Tuesday, November 19, 2013

Ask Not...


There are websites devoted to “the question of the day.”  These sites will ask you, or send you via e-mail, a different question every day in order to challenge you or allow you to compare your answer to the answers offered by others.  But many of us don’t challenge ourselves with a different question every day.  Instead, we ask ourselves the same question again and again day after day.  I can’t tell you what your question of the day is, but if you stop and think about it you’ll probably come up with it.

So, what’s the question you ask yourself just about every day?  Here are some possibilities:
What terrible thing will happen to me today? – or - What good thing will happen to me today?
What’s wrong with me anyway? – or – What’s wrong with them anyway?
How am I going to make it through this day?

You get the idea.  Do you ask yourself some question like that as you begin each day?  You probably do, in a rather automatic, sub-conscious way.  The question you ask yourself each day sets your expectations and perspective for the day.  The question you ask yourself frames the way you look at the day as you go through it and it frames the way you’ll evaluate the day once it’s over.  So, the question of the day is important in shaping your satisfaction level with your days and therefore with your life.

Mindful of that, let me suggest a question of the day that will serve us well.  Try this: “How can I bless someone today?”   In tribute to JFK I borrow from him to say, “Ask not what others can do for you; ask what you can do for others.”  It’s not exactly in the Bible, but it’s very compatible.

Tuesday, November 5, 2013

All You Need Is Love


It might seem hard to argue with the sentiment that all you need is love, but I would like to try.  First of all I need to say it’s not in the Bible.  Some people might want to suggest it is in the Bible by pointing to the first few verses of 1 Corinthians 13 where Paul keeps saying (in essence), “If I don’t have love I’m nothing.”  But even before that chapter concludes Paul says that “faith, hope, and love abide”.  In other words he lumps love in with two other vital aspects of our being; faith and hope.

To me, saying that love is all you need is like saying that warmth is all you need, or light is all you need.  The similarity is that I would respond to those assertions by saying that if it’s warmth you need, then an ever-renewing source of warmth is actually what you need.  If light is all you need, then an ever-renewing source of light is really what you need.  If you don’t have a dependable, lasting source for those things then you’re going to find yourself often without what you said you need, and sometimes desperately looking for another outlet of that essential resource to replace the last, now-depleted outlet.  To those who want to make a case that all you need is love, I suggest that what you really need is an ever-renewing source of love.

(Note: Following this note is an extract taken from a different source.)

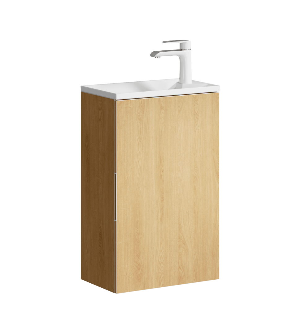 Подвесная тумба с одной универсальной левой/правой дверью в цвете дуб золотой с умывальником из литьевого мрамора. Материал корпуса и фасада - ЛДСП, покрытие - ламинат.

Does the Bible have anything to say about that?  Well of course!  The Bible says that God IS love (1 John 4:8 and 16).  It also says “we love because he first loved us” (1 John 4:19).  In other words, God is that ever-renewing source.  God is the point of origination for love.  The only reason we can even ponder the concept of love, let alone experience the beauty of it, is because God took it upon himself to share and ship a bit of it our way.

So I would like to suggest a substitution.  Rather than all you need is love, I think it more accurate and appropriate to say that all you need is God, the source from whom all blessings flow.  Or as it says in the Bible, “The steadfast love of the LORD never ceases, his mercies never come to an end; they are new every morning; great is your faithfulness” (Lamentations 3:22-23).